En otros tiempos, una pregunta así lo habría escandalizado: habría retirado la mano de un manotazo, habría levantado la barbilla y le habría replicado airadamente que los Malfoy no se rebajaban a cometer el ridículo crimen del hurto, que su familia poseía el oro de los siglos, más que ninguna otra, y que acusarle de haber robado era un insulto a la dignidad que le otorgaba su riqueza. Dicho esto se habría dado la vuelta, habría abandonado la tienda a grandes zancadas y habría escrito inmediatamente una carta a su padre. Unas semanas más tarde, el desventurado empleado habría sido despedido de la tienda. O todos sus socios comerciales se habrían negado a seguir distribuyéndole la mercancía. O tal vez habría ocurrido algo más… oscuro. Una repentina enfermedad, pesadillas continuas, la desaparición de un familiar cercano. En todo caso, el padre de Draco habría encontrado la manera de castigarlo.

«El honor de la familia siempre deben prevalecer», dijo su padre una vez. «No podemos dejar que la gente lo mancille, que se lo tome a guasa, que bromee sobre nosotros o se burle a nuestras espaldas. Nuestros congéneres deben comprender que somos, en efecto, la aristocracia de la comunidad mágica. No en el sentido social, pues los privilegios nobiliarios se abolieron antes de que tu abuelo naciera, sino en el sentido etimológico del término. «Aristocracia» proviene del griego aristoi, y significa, literalmente, 'los mejores'. Somos los mejores, Draco –al llegar a este punto, su mirada se volvió dura como el pedernal-. Pero a veces es necesario recordárselo a aquellos que son inferiores. De lo contrario, su estupidez y arrogancia pueden hacerles creer que merecen un lugar entre nuestra estirpe, cuando, en realidad, deberían sentirse honrados por el mero hecho de inclinarse ante nuestro paso…»

Pero en aquella ocasión, cuando el anciano le acusó de haber robado el reloj, Draco se quedó quieto y callado, sin apartar la mirada del mostrador. Retiró la mano lentamente, evitando la mirada del anciano, y se encogió de hombros de un modo muy poco aristocrático.
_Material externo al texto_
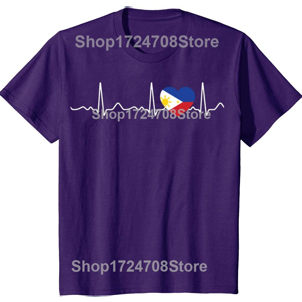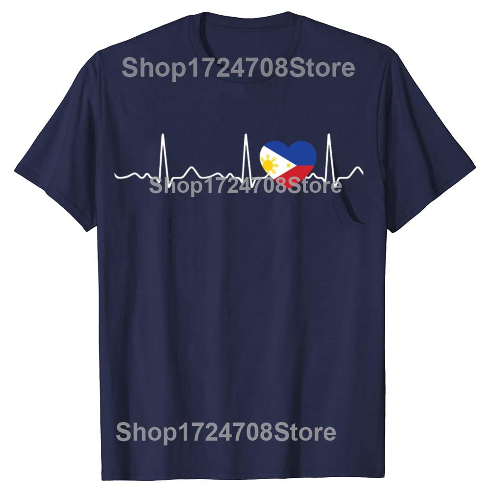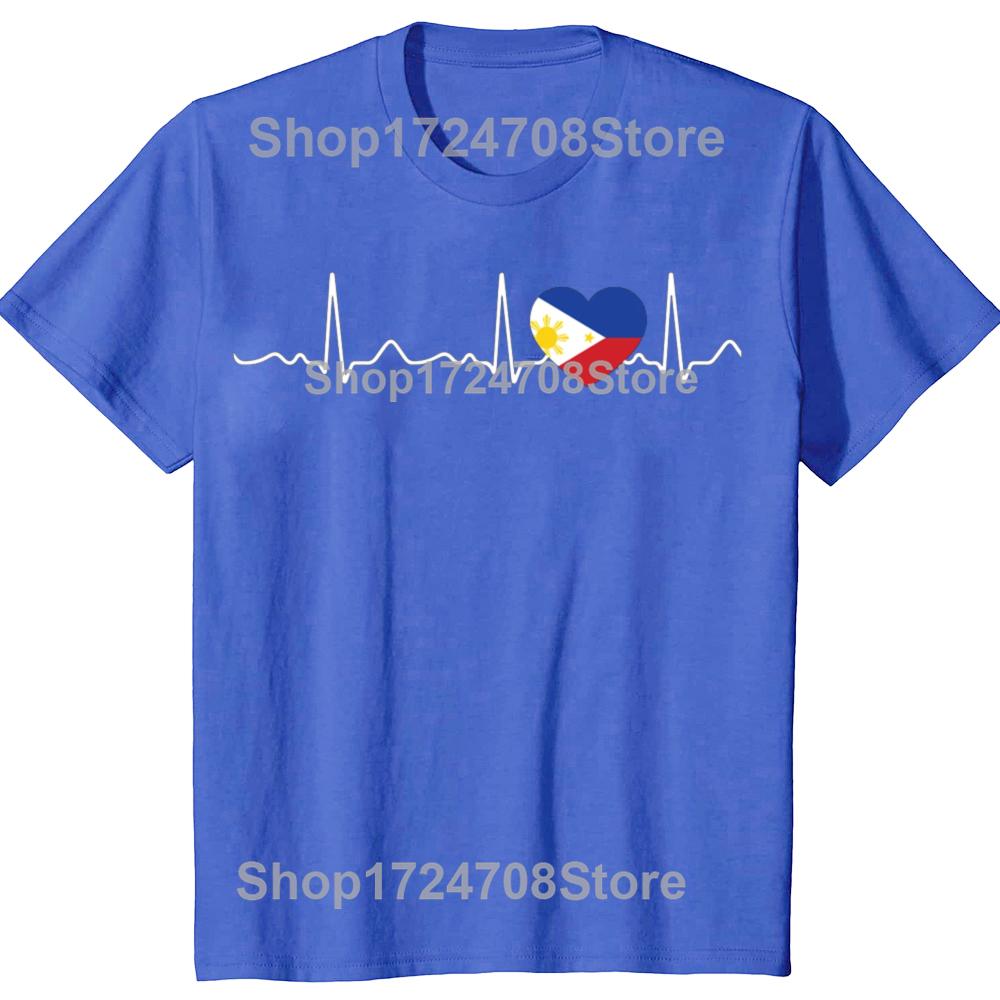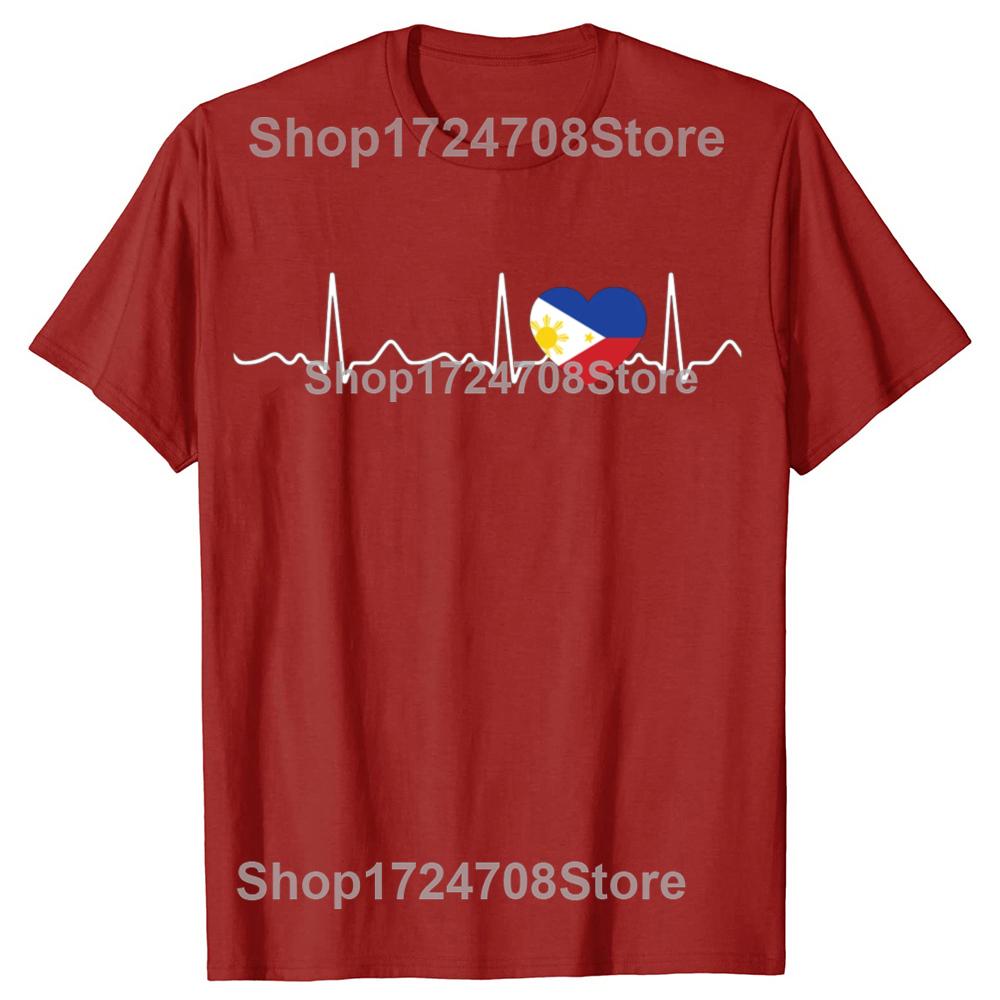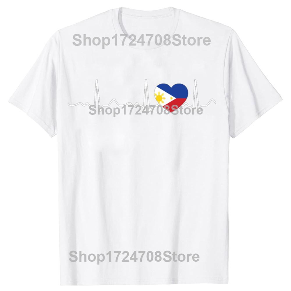 Funny Filipino Heartbeat I Love Philippines Flag Heart T-shirts Men Fashion Casual Tshirt 100% Cotton Loose Oversized T Shirt

-Es que… He adelgazado –murmuró.

Se quedó unos segundos así, en silencio, y al final levantó la vista. El dependiente lo observaba lleno de preocupación.

-Claro, me hago cargo –dijo éste voz suave y comprensiva, como si le hablara a un animal asustado-. ¿Necesitas…? ¿Puedo ofrecerte…?

Pero Draco salió corriendo de la tienda, asqueado por el momento que había compartido con aquel miserable, asustado y avergonzado de haber mostrado tanta debilidad. ¿Y qué podía «ofrecerle» aquel idiota, de todas formas? Draco no necesitaba su lástima. Él no tenía ni idea… Nadie tenía ni idea…

Más tarde, envió a Goyle a buscarle el reloj a la tienda. Se dijo a sí mismo que tenía otras cosas más importante que hacer en Hogsmeade (y realmente las tenía, pues la señora Rosmerta ya empezaba a mostrar signos de resistencia a la maldición imperius), pero, en el fondo, Draco supo que le daba demasiado miedo volver a Dervish y Banges y enfrentarse él solo a la mirada compasiva del dependiente.